Something happened one night in a Georgia hotel room during the Trinity Broadcasting Network’s spring Praise-a-Thon, involving the 13-year-old granddaughter of the Christian broadcaster’s founders and a 30-year-old man who worked for them.
Both sides acknowledge that the man and the child smoked a cigarette together on the balcony, drank champagne in her room, and watched a movie on her bed, according to depositions in a civil trial expected to begin this week.
Trinity maintains that young Carra Crouch soon fell asleep, essentially ending the episode – and that Carra Crouch was foolish to let a 30-year-old man into her room.
But Carra Crouch, now 21, argues that far more than a smoke and a drink happened that night: The man fondled her, tried to kiss her, and gave her a glass of water that she suspects was laced with a drug that made her pass out, according to her lawsuit against Trinity Christian Center of Santa Ana, the nonprofit that runs TBN. When she awoke, she suspected she had been raped.
Rather than reporting the incident to authorities, as ordained ministers in California are required to do, Trinity fired the man and swept everything under the rug to avoid bad publicity, Crouch’s suit alleges.
Crouch sued Trinity in 2012, alleging sexual battery, intentional infliction of emotional distress and negligence. Her allegations are perhaps the most explosive salvo in a legal battle raging among Trinity principals, cleaving the first family of Christian broadcasting into pieces.
Hearings on a flurry of motions from Trinity are expected to begin Monday.

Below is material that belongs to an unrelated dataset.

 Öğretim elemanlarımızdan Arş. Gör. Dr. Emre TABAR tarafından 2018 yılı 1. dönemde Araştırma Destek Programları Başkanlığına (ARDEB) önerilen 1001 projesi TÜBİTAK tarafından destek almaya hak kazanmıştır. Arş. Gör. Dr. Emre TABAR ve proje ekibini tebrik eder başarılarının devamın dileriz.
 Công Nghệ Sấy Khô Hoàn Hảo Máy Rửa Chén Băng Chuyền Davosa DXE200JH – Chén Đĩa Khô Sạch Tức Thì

Trinity is asking the court for a summary judgment – a decision without the need for a trial – and seeks to prevent Crouch from using some documents that it has argued were stolen. Those motions “will certainly further limit the case, should it survive to trial,” Trinity spokesman Colby May said.

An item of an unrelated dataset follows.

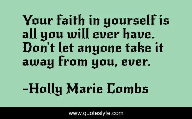 This page presents the quote "Your faith in yourself is all you will ever have. Don't let anyone take it away from you, ever.". Author of this quote is Holly Marie Combs. .
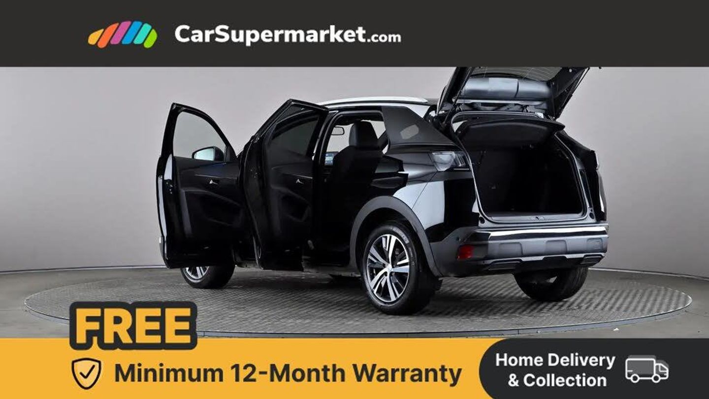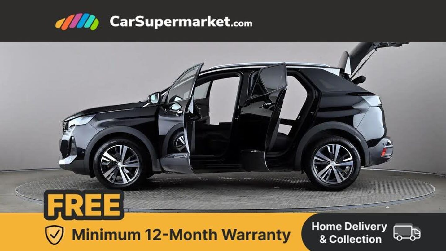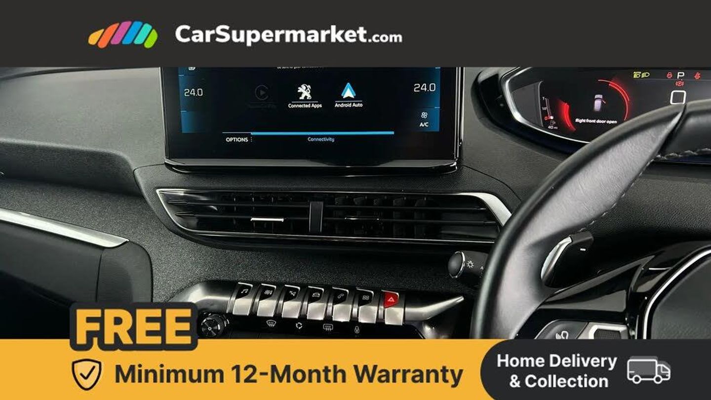 3D connected navigation with 10" HD touchscreen + voice recognition system,Apple car play and Android auto,Bluetooth telephone facility,Drive modes select (Eco, normal and sport),Driving Time Warning (DAA1),Emergency services call system,Extended traffic sign recognition,Exterior temperature indicator with ice warning,Front and rear parking sensors,Lane departure warning system,Mirror screen with mirror link, apple carplay and android auto,Multi function trip computer,Peugeot i-cockpit with compact multi-function sports steering wheel,PEUGEOT i-Cockpit with configurable 12.3" Head-up digital instrument panel,PEUGEOT SOS and assistance,Speed limit recognition and recommendation,Dynamic stability control and electronic anti-skid system,6 speakers radio with mp3 compatible,DAB Digital radio,USB socket,Aluminium front door sills,Aluminium longitudinal roof bars,Automatic hazard light activation upon heavy brake application,Automatic triggered rear windscreen wiper in reverse gear,Black diamond roof,Black rubber side window trim,Black with chrome detailed front wing trim,Body colour door handles,Body colour rear roof spoiler with stainless steel edging trim,Body protectors (wheel arches + protection at bottom of doors) in black,Chrome frameless 'Classic' grille,Chrome rear bumper facia,Dark tinted rear side windows + tailgate window,Diamond Black door mirror shells,Door mirror mounted LED courtesy floor lighting,Eco LED headlights,Electric folding door mirrors with exterior courtesy LED lighting,Electric operated/heated door mirrors,Front and rear door and sill protectors with polished stainless steel insert,Front bumper lower trim in Silver,Front windscreen wiper with magic wash cleaning system,Gloss black B and C pillar and aerodynamic deflector trim,Gloss black front bumper air scoops,Gloss black rear cluster connecting strip,Gloss black windscreen trim,Headlights left on audible warning,Heated rear windscreen with integrated antenna,LED daytime running lights in fang style,LED front indicator,LED rear number plate lighting,LED side indicator lights integrated into door mirrors,LED third brake light,One touch electric front/rear windows with pinch protection,Rear LED Peugeot signature 'Claw Effect' lights with clear lens and scrolling LED direction indicators,Rear side wing doors,Stainless steel door sill scuff plates,Stainless steel roof arches,1/3 to 2/3 split folding rear seats,12V Sockets in dashboard, rear cabin and load area,2 cupholders in front centre console,2 x Rear reading spotlights,2x Rear coat hooks,3x Isofix child seat fittings in the front passenger and outer rear seats,4 Grab handles retractable and damped,Aluminium pedals,Blue ambient lighting for connecting zone,Blue ambient lighting to front door panels,Blue ambient lighting to headup instrument panel,Brumeo fabric trimmed door armrests,Centre front armrest with butterfly wing opening and illuminated storage compartment,Driver seat lumbar adjustment,Driver seat manual adjustment (longitudinal and back rest angle),Dual zone automatic climate control,e-Toggle compact gear selector,Electric power steering with reach and rake adjustable steering column,Flocked glovebox interior,Footwell illumination,Front interior light with 2 reading spotlights and rear interior light with timer,Front passenger seat manual adjustment (longitudinal and back rest angle),Front seat back map pockets,Gear shift indicator,Height adjustable front seats,Illuminated glove box, central storage area and load area,Individual left and right controls in boot for seat folding,Leather steering wheel with detail stitch,LED interior lighting in storage spaces and load area,LED roof interior lighting,Rear armrest with ski flap and two cup holders,Rear bench seat with central armrest and ski hatch,Rear centre console ventilation system,Roof lining - Mistral black,Satin chrome dashboard trim,Satin chrome digital instrument panel and touchscreen trim,Satin chrome front door panel recess trim,Satin chrome interior door handles,Satin chrome scorpion's tail and toggle switch trim,Seatbelt not fastened audible and visual alert for front seats,Seatbelt unfastened on the move audible and visual alert for front and rear seats,Single front passenger seat,Sunvisors with illuminated vanity mirrors,Two position boot floor,Safety Plus Pack - 3008,Visibility pack - 3008,3x Rear three-point retractable seatbelts with force limiters in the outer rear seats,ABS (Anti-lock Braking System) with EBD (Electronic Brakeforce Distribution) and EBA (Emergency Braking Assistance),Acoustic vehicle alerting system,Adaptive driver and front passenger airbags with passenger airbag deactivation function,Driver and front passenger side airbags,Electric child locking functionality on rear windows and doors,Electric parking brake,Front and rear curtain airbags,Front optimised safety headrests and 3 x rear retractable headrests with height adjustable

Crouch’s lawyers declined to comment. If the case does proceed to trial, it would be unusual; Trinity has settled several high-profile claims out of court in the past.
HUSH?
After that night in Georgia, Crouch felt guilty and ashamed, and feared she was in big trouble, she said at her deposition. She returned to California and told family members a version of this story – minus, Trinity maintains, key details that she now alleges – and Trinity swiftly fired the man.
“TBN has gathered sufficient evidence to terminate you with cause,” Trinity attorney (and Crouch cousin) John Casoria told the man by phone, according to internal Trinity documents that are part of the court record. “If this evidence was given to law enforcement authorities, it most probably would be sufficient to bring criminal charges against you which, if convicted, could put you in jail.”
Nothing would be forwarded to police, however, if the man agreed to cut contact with everyone affiliated with TBN and did not file claims for unemployment or workers’ compensation, Casoria told him, according to the Trinity documents.
Carra Crouch never heard from the man again. No one took her to the doctor to see if she had been raped; no one suggested she talk to a therapist; and no one alerted authorities in either California or Georgia that a sexual assault on a child may have occurred, she said at her deposition.
At her deposition, Carra Crouch said she has since suffered much in her life – eating disorders, cutting episodes, dabbling in drugs, running away from home, even working briefly as a stripper. That night in the Georgia hotel room, and the lack of support she received from the adults in her life in its wake, are at the root of that suffering, she alleges.
Both her grandmother Jan Crouch and cousin John Casoria – who she says were calling the shots back then – were ordained ministers, and as such, legally required to report any suspected child abuse to authorities under the Child Abuse and Neglect Reporting Act, Crouch’s suit says.
She seeks justice, she said in her deposition, in the form of an apology and some sort of compensation.
When Crouch first filed the lawsuit, Trinity said her story had changed considerably over the years, and it promised to “fully and vigorously defend itself.” At Crouch’s deposition, Trinity painted her as a confused liar who may have invented the entire episode to rationalize her wayward behavior, and suggested that the lawsuit is part of an extortion plot to wring money out of Trinity.
Some background: Carra Crouch is the younger sister of Brittany Crouch Koper, Trinity’s former treasurer. Both are the daughters of Paul Crouch Jr., the eldest child of Trinity’s founders, Jan Crouch and the late Paul Crouch Sr.
In 2011, Brittany Crouch Koper accused her family of playing fast and loose with the ministry’s millions, and provided internal documents. Trinity, in turn, accused Koper and her husband of embezzling at least $1 million in their tenure on Trinity’s staff, and called their assertions “nothing more than a diversionary tactic from their own embezzlement, fraudulent actions, and deceit.”
That battle is ongoing in several courts, and is at the root of Carra Crouch’s claim, Trinity said in court documents.